This Hindu temple was built in the early 12th century by Kings Suryavarman II and Yasovarman II.
It takes a little while to get there, but it’s worth the trip. Not many people come to visit Banteay Samre and it’s like a smaller replica of Angkor Wat. It is thought that Banteay Samre was dedicated to Vishnu.
Suryavarman II and Yasovarman II
30 - 60 minutes
More information about the Angkor Temple Pass.
Banteay Samre is around 20km from Siem Reap and a little more than 10km from Angkor Wat temple. If you are a keen cyclist, you can take a cycle ride out there. At only 20km from town, it’s possible to take a tuk tuk or a taxi.
Siem Reap: 19.4km
Ta Prohm: 8.5km
Ta Som: 7.2km
Neak Pean: 9.3km
It’s also possible to combine it with trips to other attractions in the area such as the Butterfly Centre, the Landmine Museum, or a countryside Tour.
Moreover, you can combine it with the Roluos Group of temples or Kampong Phluk floating village.
Visitors to Banteay Samre generally stay in Siem Reap town. There are some homestays around near Banteay Srei. It’s also quite nearby to Bakong Commune where you will also find some small guesthouses.
It’s easy to reach Banteay Samre from the town and most guests will choose accommodation in Siem Reap.
Why Visit Banteay Samre?
Banteay Samre temple is a little out of the way and is a much quieter alternative to the temples close to Angkor Wat. You can easily explore the temple without thousands of other people around you. This makes it a perfect choice for photography.
Moreover, Banteay Samre is a smaller version of Angkor Wat and you’ll immediately see the similarities between the two.
If you want to visit some temples and attractions a little further away such as Phnom Kulen, it can be a nice stop along the way to break up the journey.
Banteay Samre was built by Kings Suryavarman II and Yasovarman II in the early part of the 12th century. This Hindu temple was built in the same style as Angkor Wat temple. In fact, it looks like a miniature Angkor Wat.
Not much is known about the temple and most what is known is speculation. There is no real reference to the date of construction and few inscriptions have been found.
Legend has it…
There is a story related to the temple called the “Legend of the Cucumber King”. Legend has it that there was a local farmer who grew the best cucumbers around. The king liked them so much that he told the farmer that he must kill anyone who came to his farm to eat them.
One evening, the king has a taste for these cucumbers and went to the farm. The farmer, now knowing it was the king, promptly killed him. The king died without sons, so the royal elephant was used to choose the next king.

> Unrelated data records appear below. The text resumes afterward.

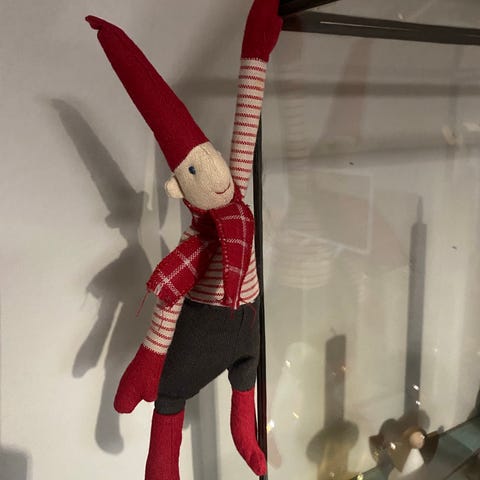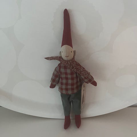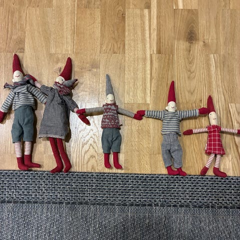 Uudenveroiset S-kokoiset Mailegin tonttutytöt. Raitaiset neulepuserot. Ei leikitty. Pituus noin 30cm.
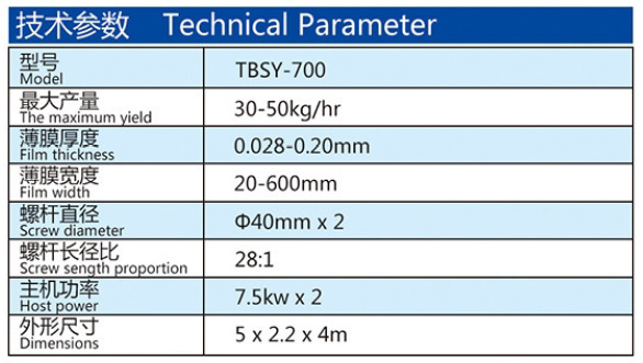 吹制各种规格的低密度聚乙烯、高密度聚乙烯和线性低密度聚乙烯塑料薄膜,广泛应用于食品百货、日用、化工、针纺品、购物礼袋和工业包装。机筒、螺杆采用38CrMoAl合金材料经氮化处理精密加工而成,具有很好的耐磨和耐腐蚀性。
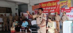 झांसी। मुख्यमंत्री उ0प्र0 सरकार द्वारा बालिकाओं/महिलाओं को नारी सुरक्षा/नारी स्वावलंबन एवं नारी सशक्तिकरण हेतु महत्वाकांक्षी योजना “मिशन शक्ति अभियान फेज-5.0″ का प्रारम्भ किया गया है। जिसके क्रम में पुलिस महानिदेशक उत्तर प्रदेश व अपर पुलिस महानिदेशक, कानुपर जोन, कानपुर के कुशल मार्गदर्शन, पुलिस महानिरीक्षक, झाँसी परिक्षेत्र, झाँसी के कुशल पर्येवेक्षण व वरिष्ठ पुलिस अधीक्षक, झाँसी के कुशल निर्देशन में झाँसी पुलिस ने महिलाओं/बालिकाओं की सुरक्षा हेतु “मिशन शक्ति अभियान फेज 5.0” के तहत जनपद के विभिन्न थानों पर गठित महिला सुरक्षा दल व थाने पर नियुक्त महिला बीट पुलिसकर्मियों द्वारा थाना क्षेत्र के बीट, गांव, स्कूल, कॉलेज, पंचायत भवन, प्रमुख चौराहों, बाजारों, बस स्टैण्ड, माँ दुर्गा पण्डाल, मन्दिर आदि स्थानों पर भ्रमण करते हुए बालिकाओं/महिलाओं से वार्ता कर महिला सुरक्षा, सम्मान, शासन द्वारा संचालित जनकल्याणकारी/महिला सशक्तिकरण योजनाओं एवं साइबर अपराध से बचाव आदि के सम्बन्ध में जागरूक करने सहित शासन द्वारा जारी विभिन्न हेल्पलाइन नम्बरों के सम्बन्ध में लगातार जानकारी दी जा रही है।

The elephant went straight to the farm and the farmer became the next king. The new king then moved out of the royal palace into Banteay Samre.
Desertion and Rediscovery
Just like the other temples built during the Khmer empire, it’s thought that Banteay Samre was deserted at some point in the 16th century.
Just before World War Two in the 20th century, the temple was restored by Maurice Glaize and his team.
Heavy looting occurred during the Khmer Rouge regime and the subsequent civil war.
Layout and Design
Banteay Samre resembles Angkor Wat and looks like a miniature version of the great temple. It was built at the same time as Angkor Wat.
There is an enclosure with entrance gates (gopuras) at each side. The lintels here are very well preserved and you can see carvings which feature a fight between Rama and the ten-headed Ravana. You can also see other mythical scenes featuring other Hindu gods such as Vishnu, Krishna, Indra, Laskmana, Hanuman, and others.
There is an inner sanctuary which features low galleries with an entrance gate at each side. The central tower here contains scenes from Hindu epics. There are both Hindu and Buddhist images here. However, many Buddhist carvings would have been destroyed during the Buddhist purges in the 13th century with King Jayavarman VIII came to power.